Starting a New Job in January? What Happens to Your Tax and Payslips

Updated:
January 12, 2026

Starting a new job in January is exciting — fresh role, fresh routine, fresh pay packet. But it’s also the time when many people get a shock on their first payslip, especially if the tax looks higher than expected.

Here’s what normally happens to your tax and payslips when you start a new job in January — and what you can do if something doesn’t look right.

📄 What Happens When You Start a New Job

When you begin a new role, your employer needs information to tax you correctly. This usually comes from one of two places:

  • A P45 from your previous employer
  • A starter checklist (sometimes called a New Starter Declaration)

If payroll doesn’t have the right details straight away, you may be placed on a temporary tax code.

⚠️ Why Your First Payslip Might Look Wrong

It’s common for your first payslip to show:

  • Higher tax than expected
  • A different tax code
  • Slightly lower take-home pay

This often happens because you’ve been put on an emergency tax code until HMRC confirms your details.
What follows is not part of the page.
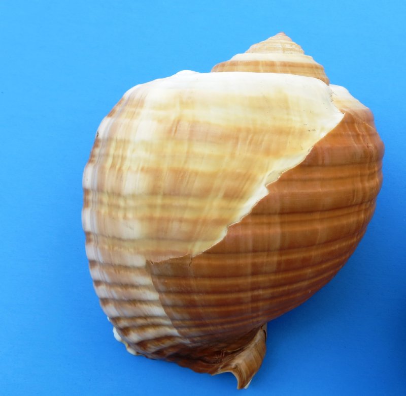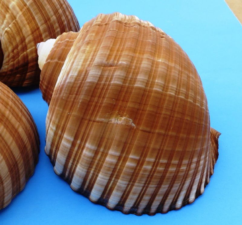 Wholesale 5 to 5-3/4 inch Tonna Olearium shells, or Tonna Cepa shells for hermit crab homes are brown light weight shells with a wide mouth opening, perfect shells for large hermit crabs.  There will be a label attached "Made in the Philippines".  This is a requirement of the U.S Customs Department.  All items imported into the U.S must have a country of origin label.

The good news? This is usually temporary.

🔢 Common Tax Codes for New Starters

You might see one of these codes on your first payslip:

  • 1257L W1 / M1 – Temporary code, tax calculated per period
  • BR – All earnings taxed at basic rate (20%)
  • D0 – All earnings taxed at higher rate (40%)

Once HMRC updates your records, your employer will apply your correct tax code automatically.

🧾 What Your First Payslip Should Include

Even if the tax code is temporary, your payslip should still show:

  • Your gross pay
  • Income Tax deducted
  • National Insurance
  • Pension contributions (if applicable)
  • Your tax code and pay period

Always keep a copy — your first payslip sets the baseline for the rest of the year.

🔄 How Long Does It Take to Fix the Tax Code?

In most cases:

  • HMRC updates your tax code within a few weeks
  • Your employer applies the new code automatically
  • Any overpaid tax is refunded through your wages

You don’t usually need to chase payroll unless the issue continues beyond the second or third payslip.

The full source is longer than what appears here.